Start of Block

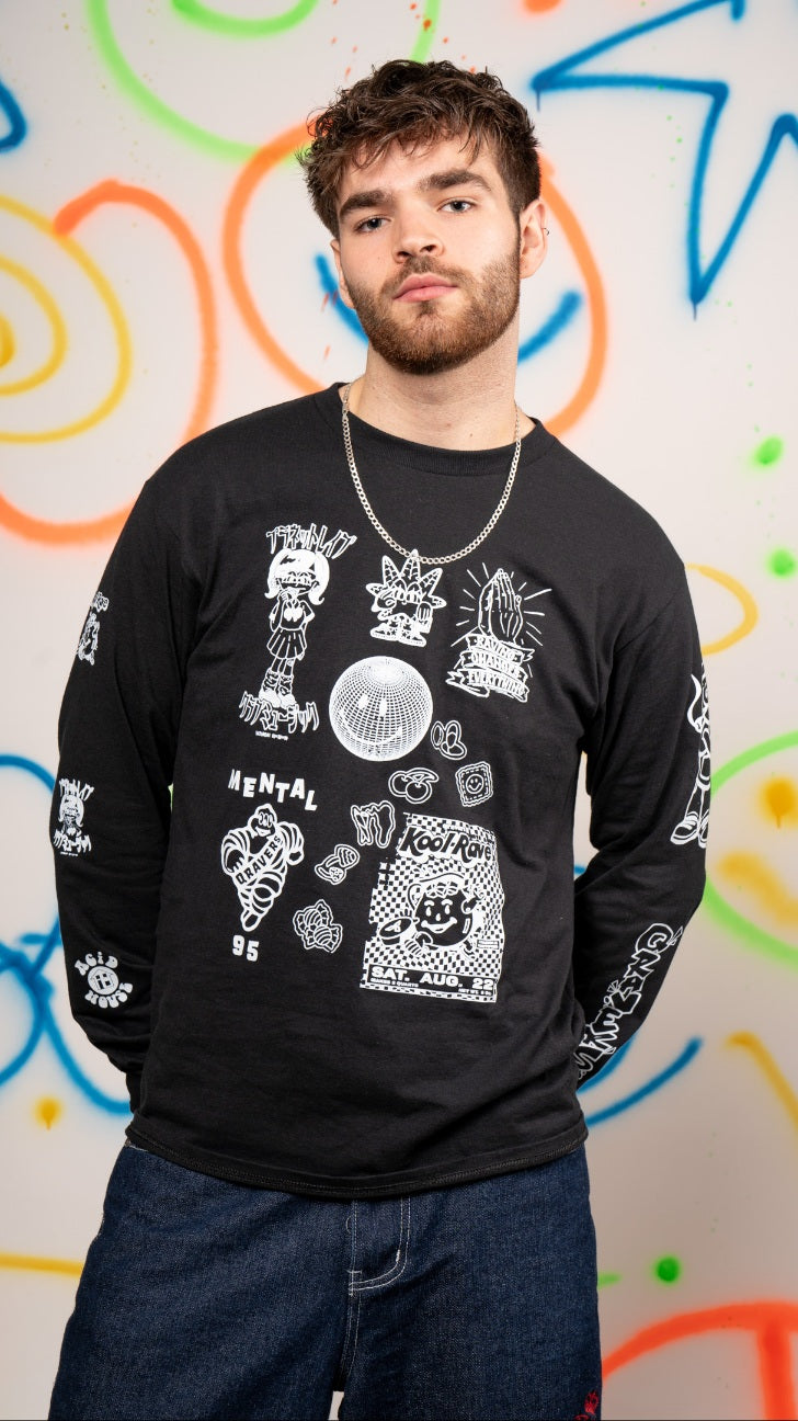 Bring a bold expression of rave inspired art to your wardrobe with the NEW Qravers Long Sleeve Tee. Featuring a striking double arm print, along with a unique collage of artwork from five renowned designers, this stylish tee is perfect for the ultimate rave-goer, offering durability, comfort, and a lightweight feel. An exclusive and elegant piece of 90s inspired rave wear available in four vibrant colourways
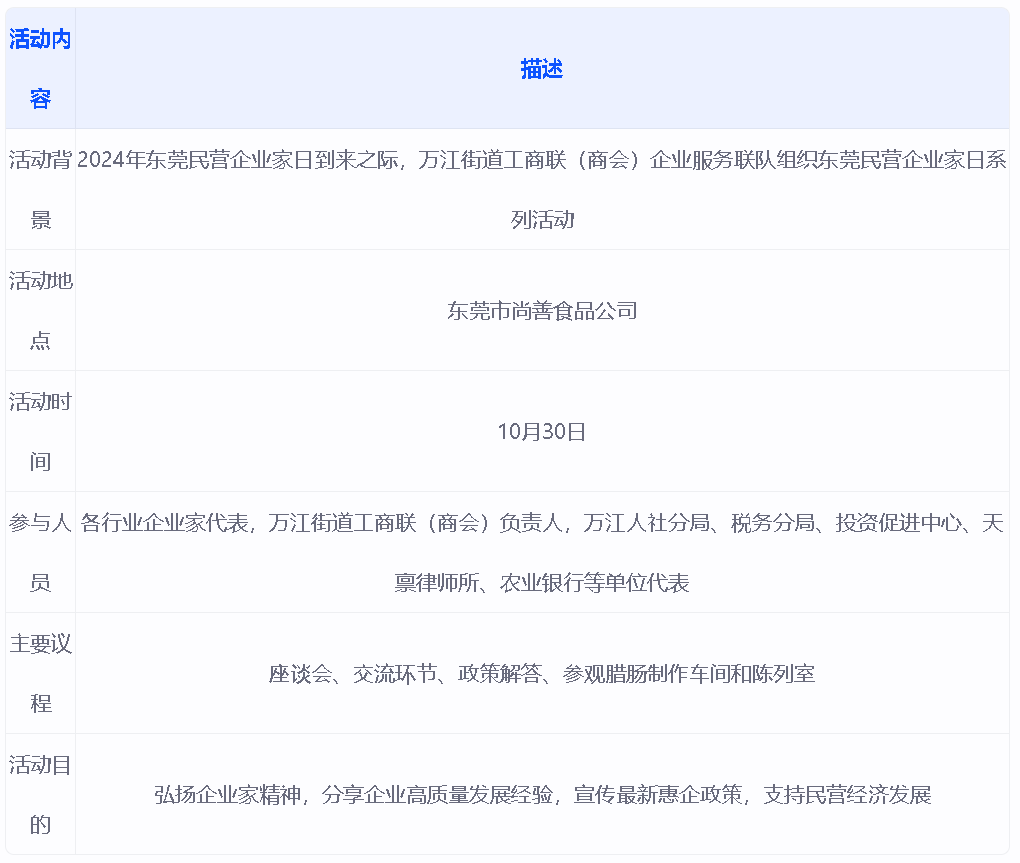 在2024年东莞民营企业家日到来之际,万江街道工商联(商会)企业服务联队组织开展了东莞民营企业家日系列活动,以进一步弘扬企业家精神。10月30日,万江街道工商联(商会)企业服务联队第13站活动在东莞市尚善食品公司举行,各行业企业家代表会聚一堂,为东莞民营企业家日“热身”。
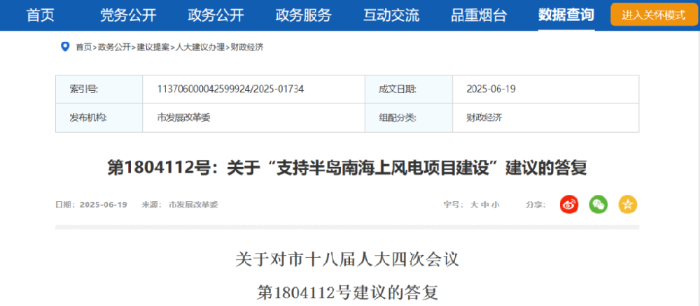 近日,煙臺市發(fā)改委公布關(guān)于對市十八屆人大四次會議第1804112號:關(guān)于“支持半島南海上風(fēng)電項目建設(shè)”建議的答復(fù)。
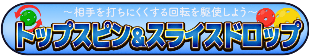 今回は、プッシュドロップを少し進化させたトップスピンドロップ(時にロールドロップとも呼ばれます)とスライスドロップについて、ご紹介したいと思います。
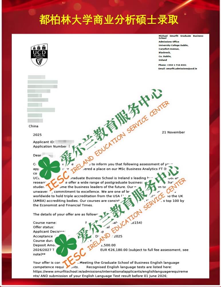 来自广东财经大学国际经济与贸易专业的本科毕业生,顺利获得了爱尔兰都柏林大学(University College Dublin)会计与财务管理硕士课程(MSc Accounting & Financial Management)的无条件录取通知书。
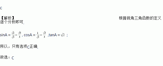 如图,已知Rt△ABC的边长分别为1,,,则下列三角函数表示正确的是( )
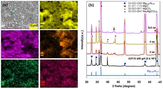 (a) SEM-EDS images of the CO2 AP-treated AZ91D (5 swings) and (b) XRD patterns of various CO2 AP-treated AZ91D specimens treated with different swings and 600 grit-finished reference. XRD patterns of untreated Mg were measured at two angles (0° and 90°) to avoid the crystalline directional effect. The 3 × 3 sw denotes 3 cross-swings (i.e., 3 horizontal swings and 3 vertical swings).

End of Block

§ **EXERCISE PROMPT**
From the first record to the last, retype everything exactly except the images.

§ **TASK RESPONSE**
 Bring a bold expression of rave inspired art to your wardrobe with the NEW Qravers Long Sleeve Tee. Featuring a striking double arm print, along with a unique collage of artwork from five renowned designers, this stylish tee is perfect for the ultimate rave-goer, offering durability, comfort, and a lightweight feel. An exclusive and elegant piece of 90s inspired rave wear available in four vibrant colourways
 在2024年东莞民营企业家日到来之际,万江街道工商联(商会)企业服务联队组织开展了东莞民营企业家日系列活动,以进一步弘扬企业家精神。10月30日,万江街道工商联(商会)企业服务联队第13站活动在东莞市尚善食品公司举行,各行业企业家代表会聚一堂,为东莞民营企业家日“热身”。
 近日,煙臺市發(fā)改委公布關(guān)于對市十八屆人大四次會議第1804112號:關(guān)于“支持半島南海上風(fēng)電項目建設(shè)”建議的答復(fù)。
 今回は、プッシュドロップを少し進化させたトップスピンドロップ(時にロールドロップとも呼ばれます)とスライスドロップについて、ご紹介したいと思います。
 来自广东财经大学国际经济与贸易专业的本科毕业生,顺利获得了爱尔兰都柏林大学(University College Dublin)会计与财务管理硕士课程(MSc Accounting & Financial Management)的无条件录取通知书。
 如图,已知Rt△ABC的边长分别为1,,,则下列三角函数表示正确的是( )
 (a) SEM-EDS images of the CO2 AP-treated AZ91D (5 swings) and (b) XRD patterns of various CO2 AP-treated AZ91D specimens treated with different swings and 600 grit-finished reference. XRD patterns of untreated Mg were measured at two angles (0° and 90°) to avoid the crystalline directional effect. The 3 × 3 sw denotes 3 cross-swings (i.e., 3 horizontal swings and 3 vertical swings).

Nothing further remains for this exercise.